The INTERPHEX Exhibitor Awards recognized several parenteral packaging and handling advancements at INTERPHEX 2023, which took place between April 24–26, 2023 at the Javits Center in New York, NY (1). The Best in Show award went to IMA Life North America for its INJECTA aseptic fill/finish system, which has evolved to integrate its gloveless module. Robotic technologies help achieve gloveless processing and eliminate human intervention at crucial stages of the process, such as the aseptic assembly of sterile components loaded using rapid transfer ports. The system does not lose the sterility guaranteed by the autoclave, does not come into contact with the operator, and is assembled entirely in aseptic conditions following isolator decontamination. The extensive use of robotics drastically reduces the number of manual operations, eliminating the need for productivity-sapping integrity checks and simplifying compliance with Annex 1, which views gloves and manual operations as major sources of contamination (2).

The award for Best New Product/Service went to the BoMa Dosing System from DEC Group, which recently established a Filling Solution Technologies Division. Judges selected the patented BoMa precision filling technology for its ability to precisely dose highly sensitive pharmaceutical products without the stress and shear associated with pumps and other conventional filling methods. The system harnesses the physics principles of Boyle’s Law, or pressure and volume of a gas have an inverse relationship with constant temperature, and uses a vacuum to smoothly and precisely handle tiny amounts of product and a wide range of fluid densities and viscosities (3).

A robotic innovation, the bionically-inspired, energy-free ADHESO gripping technology from Schunk, captured the Editor’s Choice award. ADHESO end effectors grip without mechanical force, external energy supply, or residue generation enabling gentle product handling and compatibility with cleanroom requirements. Modeled on Van Der Waals adhesive forces used by animals, such as geckos, for locomotion, the grippers use gentle pressure to pick and one of four release options for placing: rotary movement, tilting movement, sliding movement, or pressing. Alternatively, it is also possible to equip the gripper with an active wiper, which prevents mechanical stress on the workpiece at the placing position.

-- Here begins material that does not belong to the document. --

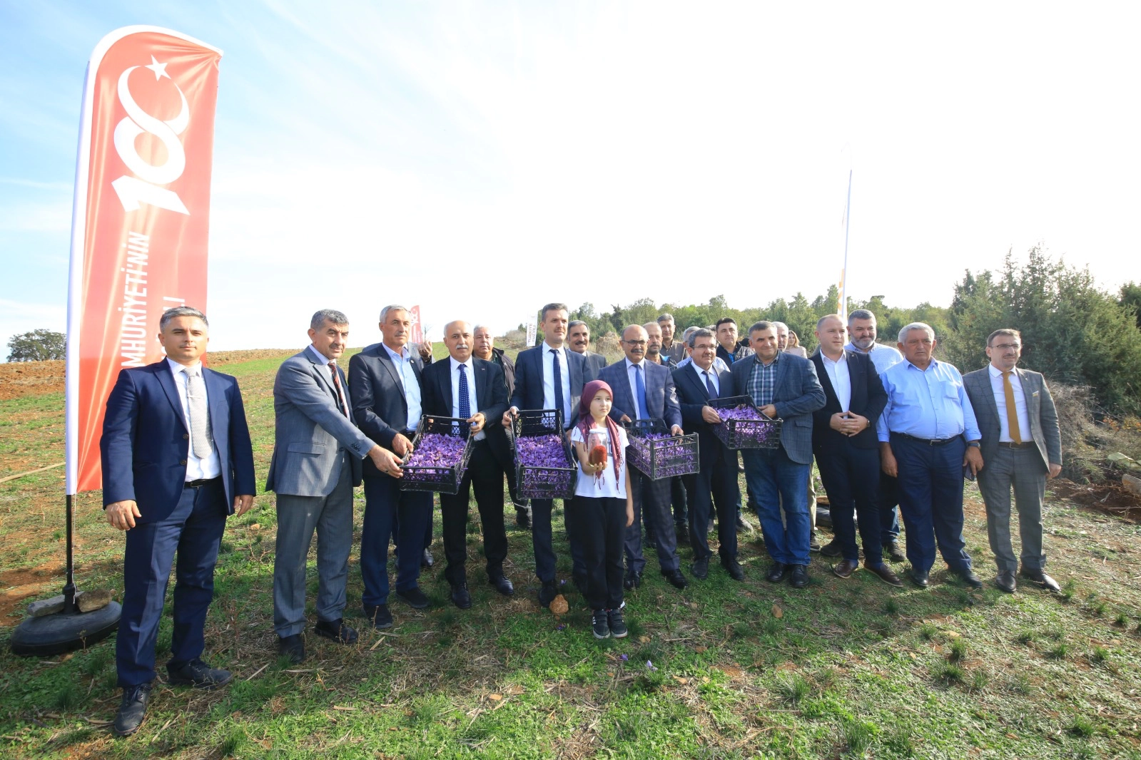 Yenişehir Papatya Mahallesi'nde Tarım ve Orman Bakanlığı tarafından sağlanan yüzde 75 hibe desteği ile hayata geçirilen Safran Üretim Projesi kapsamında yetiştirilen safranlar düzenlenen tarla günü etkinliğiyle hasat edildi.

Four standardized ADHESO gripper pad sizes with matching ISO flange adapter serve a wide range of applications (4).

The Ready Pack system from West Pharmaceutical Services earned the Best Technologies award. The ready-to-use sterile packaging system provides all the components needed to fill/finish sterile products, including sterilized NovaPure stoppers, Flip-OffCCS (clean, certified, sterilized) seals, and Corning Valor ready-to-use vials utilizing Stevanato Group's EZ-fill tray or nest and tray formats. Available from stock in small order quantities, Ready Pack kits are particularly well-suited for R&D purposes or small filling operations and designed to support a smooth transition from early-stage pilot manufacture to larger commercial-scale operations and accelerate speed to market (5, 6).

West Pharmaceutical Services, which is celebrating its 100th anniversary, also took home honors for two poster sessions, a Third Place for Evolving Component Technologies to Meet the Needs of Large Volume Injections and a Fifth Place for Functional Assessment of Adeno-Associated Virus Stored in Daikyo Crystal Zenith Vials at Ultra-cold Temperatures(1). 

INTERPHEX 2024 will return to the Javits Center on April 16–18, 2024 (1).

1 RX (Reed Exhibitions). Pharmaceutical Manufacturing and Biotech Industries Showcase Latest Innovations throughout INTERPHEX 2023. Press Release. May 4, 2023.

2 IMA Life. IMA Life Wins Top Prize at INTERPHEX New York 2023. 

3 Dec Group. DEC Group Wins INTERPHEX Award for BoMa Filling Solution. 

5 West Pharmaceutical Services. West's Ready Pack™ Containment Solution with Corning® Valor® RTU Vials Utilizing Stevanato Group's EZ-fill® Technology Recognized for Best Technologies Award at INTERPHEX. Press Release. May 2, 2023.

6 West Pharmaceutical Services. West Ready Pack, Product Sheet. January 2023.

Parenteral packaging and handling advancements receive awards.

INTERPHEX 2023 Honors Packaging Innovations

Jill Wechsler is Pharmaceutical Technology's Washington Editor, jillwechsler7@gmail.com.

FDA recently granted full, or traditional, approval to Eisai Pharmaceutical’s Alzheimer’s treatment Leqembi, converting an earlier conditional approval status with further data from a multi-regional study of nearly 1800 patients. Results indicated that the drug slows the rate of cognitive and functional decline in early Alzheimer’s patients, compared to placebo, but also raised certain safety concerns. The 

for wider coverage of the drug by Medicare and establishes a process for further clinical testing and evaluation of treatments for this widespread, debilitating condition.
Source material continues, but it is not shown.